**Task instructions:**
As the answer, give exactly the lines of the records below from the one with "Greenbelt, Maryland. Dr." through the one with "Weihnachtsmarkt (Christmas market)", ends included and pictures left out.

**Records:**

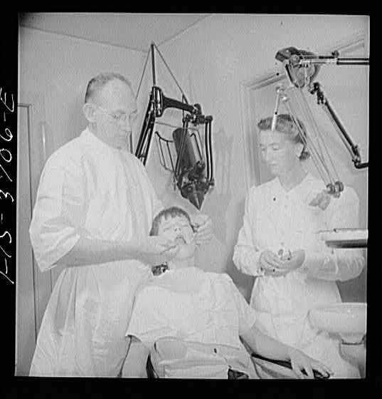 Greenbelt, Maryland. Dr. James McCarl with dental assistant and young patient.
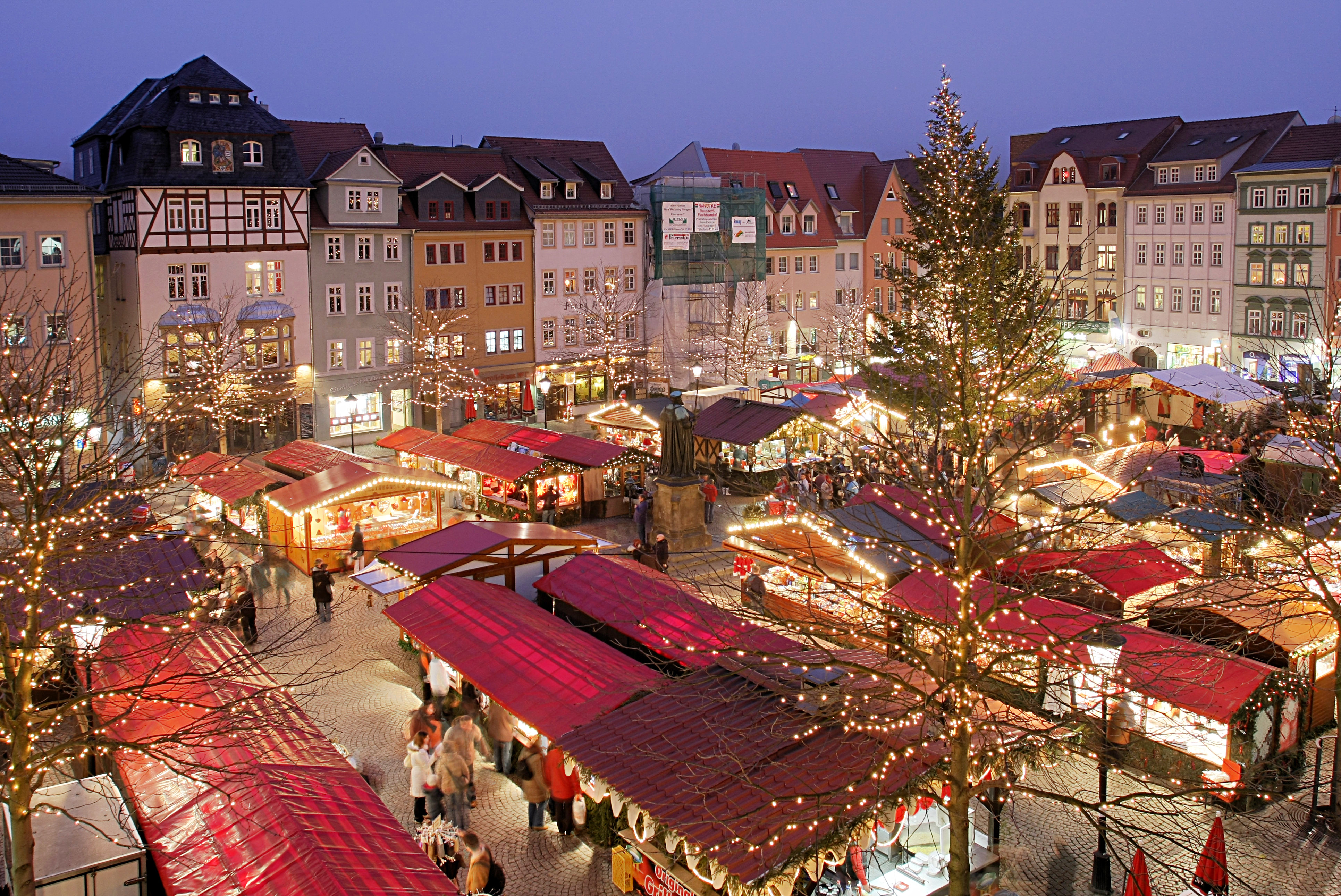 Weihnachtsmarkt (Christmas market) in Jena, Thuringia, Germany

==

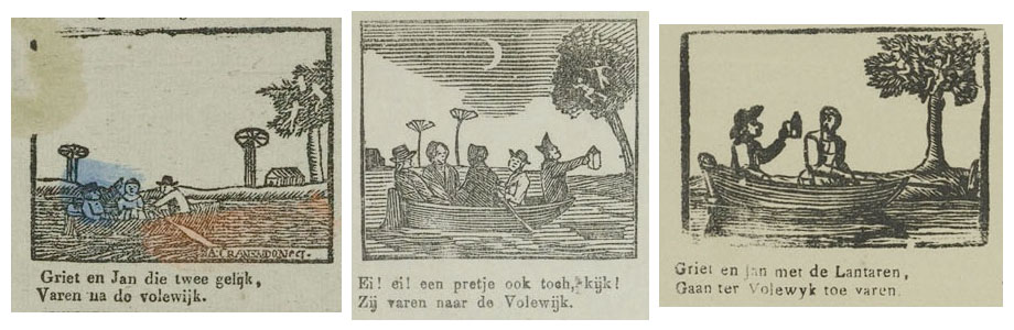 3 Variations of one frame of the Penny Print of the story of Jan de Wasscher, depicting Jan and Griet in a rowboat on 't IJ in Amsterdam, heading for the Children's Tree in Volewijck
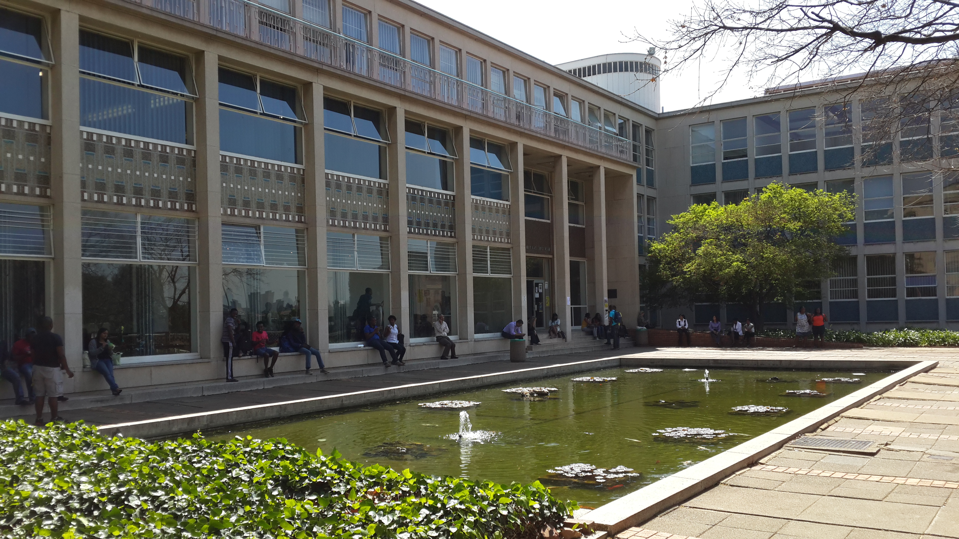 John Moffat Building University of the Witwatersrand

**Response box:**
 Greenbelt, Maryland. Dr. James McCarl with dental assistant and young patient.
 Weihnachtsmarkt (Christmas market) in Jena, Thuringia, Germany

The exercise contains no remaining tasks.